Analysis

All analyses were undertaken in R v.4.1.0 (R Core Team, 2021) and where required, specialised packages used are referenced below.
Camera data – Video metadata tagging was undertaken in ‘digiKam’ v.7.0.0 (digiKam Team, 2022) and we used R packages ‘camtrapR’ v.2.2.0 (Niedballa et al. , 2016) and ‘exiftoolr’ v.0.2.0 (Harvey, 2016) to extract and prepare the camera data to create a record table and spatial detection history of sugar glider observations. Capture-history, camera operation and trap location data were prepared for spatially explicit capture-recapture analysis. Sampling occasions were defined as commencing from midday to centre detections on nights as sugar gliders are nocturnal. Capture histories were filtered to a single detection per individual per night at each detector. Varying effort (e.g., camera malfunctions) were accounted for by including camera usage in our capture history.

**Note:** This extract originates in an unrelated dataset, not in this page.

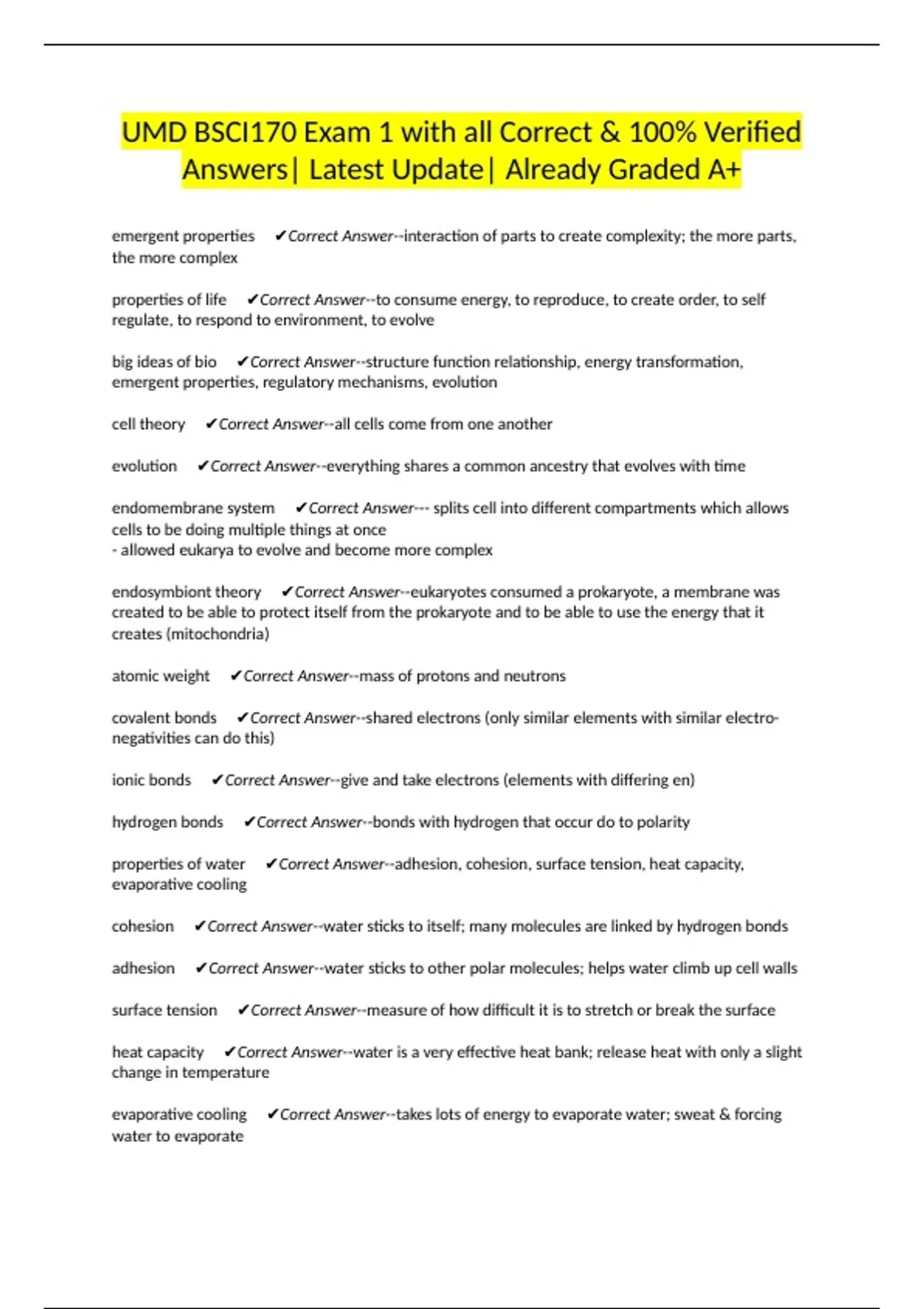 properties of water ✔Correct Answer--adhesion, cohesion, surface tension, heat capacity,

To evaluate how our capture and trapping results compared to published literature, we calculated log-transformed incidence rates for our data per the steps outlined in the meta-analysis (Supporting Information).

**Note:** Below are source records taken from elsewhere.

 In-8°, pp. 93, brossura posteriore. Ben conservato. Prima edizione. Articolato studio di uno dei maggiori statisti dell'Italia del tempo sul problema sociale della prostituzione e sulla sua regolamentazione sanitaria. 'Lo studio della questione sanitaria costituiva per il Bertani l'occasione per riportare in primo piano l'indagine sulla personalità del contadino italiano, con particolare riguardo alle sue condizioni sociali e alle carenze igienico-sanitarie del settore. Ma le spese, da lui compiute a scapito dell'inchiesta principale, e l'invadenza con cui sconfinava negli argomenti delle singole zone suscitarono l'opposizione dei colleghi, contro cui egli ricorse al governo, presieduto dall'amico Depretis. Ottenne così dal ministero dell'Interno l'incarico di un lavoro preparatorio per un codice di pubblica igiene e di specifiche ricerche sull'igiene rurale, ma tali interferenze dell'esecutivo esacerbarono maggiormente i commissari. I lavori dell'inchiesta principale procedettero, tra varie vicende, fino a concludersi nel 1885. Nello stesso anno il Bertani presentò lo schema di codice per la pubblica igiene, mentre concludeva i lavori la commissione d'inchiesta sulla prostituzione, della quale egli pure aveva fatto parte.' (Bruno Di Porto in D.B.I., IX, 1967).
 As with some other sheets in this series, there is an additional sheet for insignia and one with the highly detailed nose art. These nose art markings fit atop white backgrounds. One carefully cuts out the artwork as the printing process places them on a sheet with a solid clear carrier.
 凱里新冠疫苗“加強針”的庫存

SECR models – SECR analyses were performed using the ‘secr’ package v.4.5.8 (Efford, 2023). The suggested buffer width (439m) from ‘secr’ was revised upwards to 532m (4 × σ ) based on exploratory modelling and confirmed against an effective sampling area (ESA) plot. The habitat mask was created using this buffer distance with a 40m spacing, and any non-forest (detected from satellite imagery) boundaries were excluded. We assumed the population was closed as the total sampling period (30 nights per survey; 60 nights total) was brief compared to sugar glider longevity (5-7 years) and recruitment of den young (3-4 months) (Jackson, 2000b, Smith, 1973, Suckling, 1984).

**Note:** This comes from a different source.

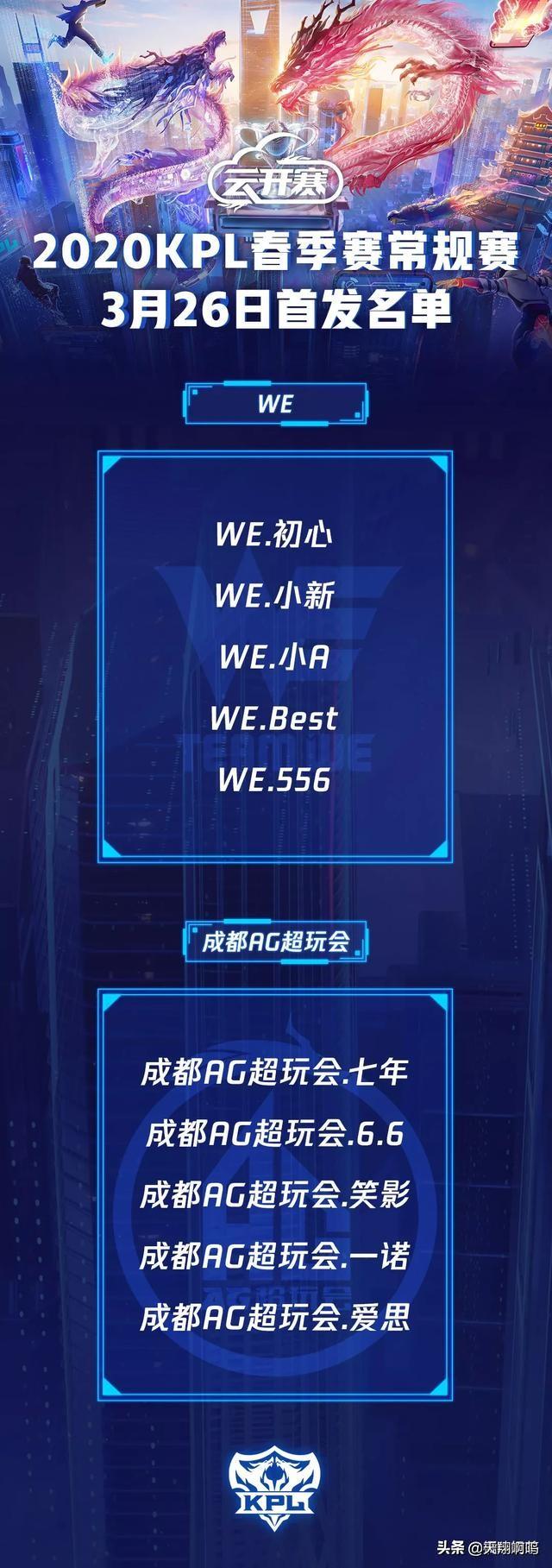 3月26日将迎来KPL春季赛第二周第二个比赛日的比赛,今天有两场比赛,分别是EDG.M对阵DYG,成都AG超玩会对阵WE,其中EDG.M方面上到了浪浪,不过打的位置是辅助位,其他位置保持不变。而成都AG超玩会方面上到了爱思+七年这对组合,其他位置保持不变。有意思的是,KPL联赛官方海报提出了这么一句标语“一超之势”,来形容成都AG超玩会对阵WE!

Factors influencing probability of detection - Using data from the entire survey, we contrasted the impact of: bait type (i.e., effect of bait-type was constant over time, but different between bait types) and rebaiting period (i.e., effect of bait-type was constant within each rebaiting period, but different between bait type and rebaiting period) with other environmental variables that might influence the probability of detection (g0 ) and movement parameters (σ) (i.e., min and max temperature, tree species and tree height). In total, 12 models were fit (plus the null model, Table 1). Models of a linear time trend failed to converge and were not considered further. We compared model results to the null model and selected the best model based on Akaike’s Information Criterion corrected for small sample size (AICc, Buckland et al. 1979). Models with a difference in AICc <2 were considered equivalent (Burnham and Anderson, 2002).
Estimating density - Data were subset to the period when only the fish-bait was used to explore behavioural models. We held σ (σ ) parameters constant and investigated the influence of the following factors on g0 : b , learned response; B; transient response; k , site response; bk , animal x site learned response, and; Bk , animal x site transient response. We estimated density with our preferred parameterization (based on AICc model selection).
Home range statistics were estimated using all data. We calculated the mean maximum distance moved pooled across individuals (MMDM) and core home ranges (i.e., root pooled spatial variance; RPSV) (Borchers & Efford, 2008).